Employing intuitive ideas from mathematics, this quirky "meta-memoir" raises questions about our lives that most of us don't think to ask, but arguably should: What part of memory is reliable fact, what part creative embellishment? Which favorite presuppositions are unfounded, which statistically biased? By conjoining two opposing mindsets--the suspension of disbelief required in storytelling and the skepticism inherent in the scientific method--bestselling mathematician John Allen Paulos has created an unusual hybrid, a composite of personal memories and mathematical approaches to re-evaluating them.

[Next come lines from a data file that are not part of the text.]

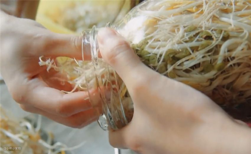 虽然每天也要照料,但一般倒一次水就OK,剩下的就交给豆芽顽强的生命力就OK。
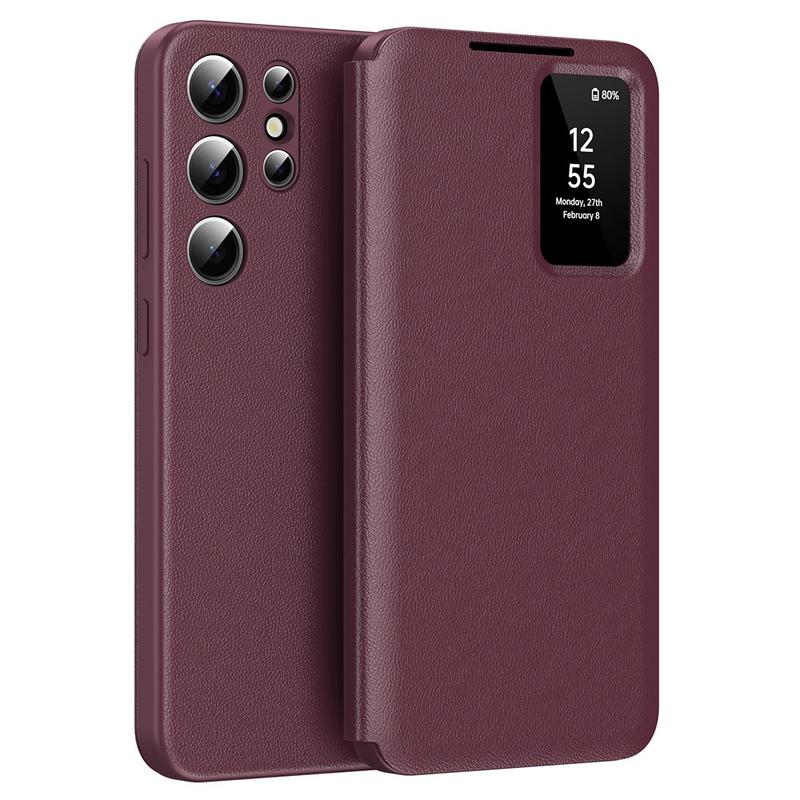 Opgrader din Samsung Galaxy S24 Ultra med dette Premium Leather Flip Cover, der kombinerer luksus, beskyttelse og funktionalitet i et enkelt, elegant tilbehør.
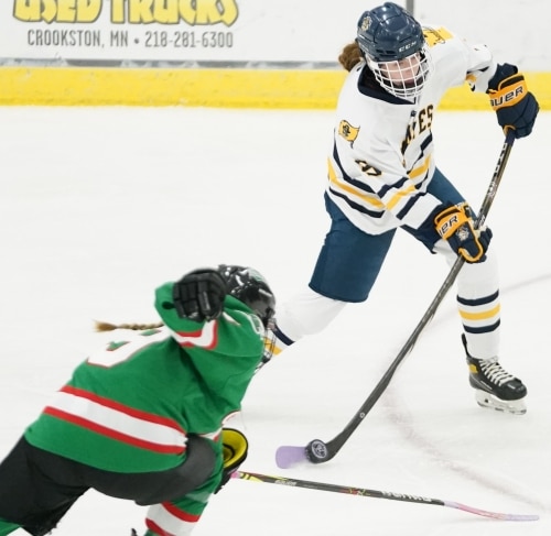 The Crookston Pirate Girl’s Hockey teams scored three times in the first period and ended up with four different players scoring to lead the #9 ranked Pirates to a 4-1 win over the visiting East Grand Forks Green Wave at the Crookston Sports Center.
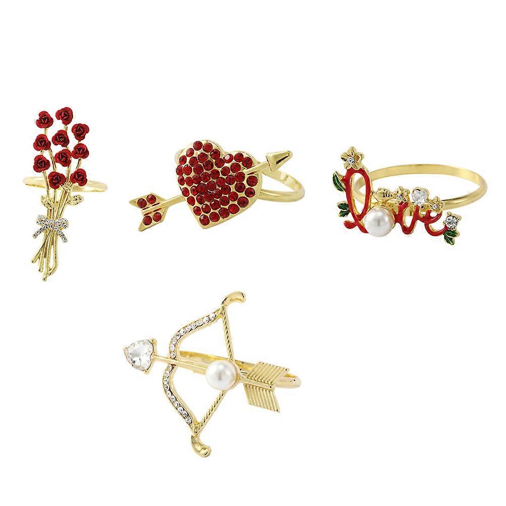Heart Shaped Napkin Rings Dining Table Decorations Golden 4x4.4cm Table Decoration 4Pcs
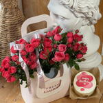 Кустовые розы с бенто тортиком в сумочке
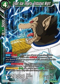 [Auto] [Limit 1] G : When one of your green non-"Great Ape" "Vegeta" cards with [Blocker] is removed from your Battle Area by an opponent's skill, you may play this card from your hand.
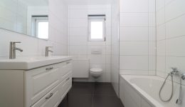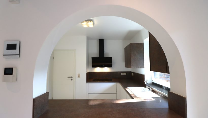 –	Erdgeschoss: Eingangsbereich, offenes Wohnzimmer mit voll ausgestatteter Küche, Schlafzimmer, Badezimmer, Technikraum und separates WC.

Entertaining vignettes from Paulos's biography abound--ranging from a bullying math teacher and a fabulous collection of baseball cards to romantic crushes, a grandmother s petty larceny, and his quite unintended role in getting George Bush elected president in 2000. These vignettes serve as springboards to many telling perspectives: simple arithmetic puts life-long habits in a dubious new light; higher dimensional geometry helps us see that we're all rather peculiar; nonlinear dynamics explains the narcissism of small differences cascading into very different siblings; logarithms and exponentials yield insight on why we tend to become bored and jaded as we age; and there are tricks and jokes, probability and coincidences, and much more.
For fans of Paulos or newcomers to his work, this witty commentary on his life--and yours--is fascinating reading.
Biografía del autor
John Allen Paulos is a professor of mathematics at Temple University and the author of eight previous books, including the best-selling Innumeracy and A Mathematician Reads the Newspaper.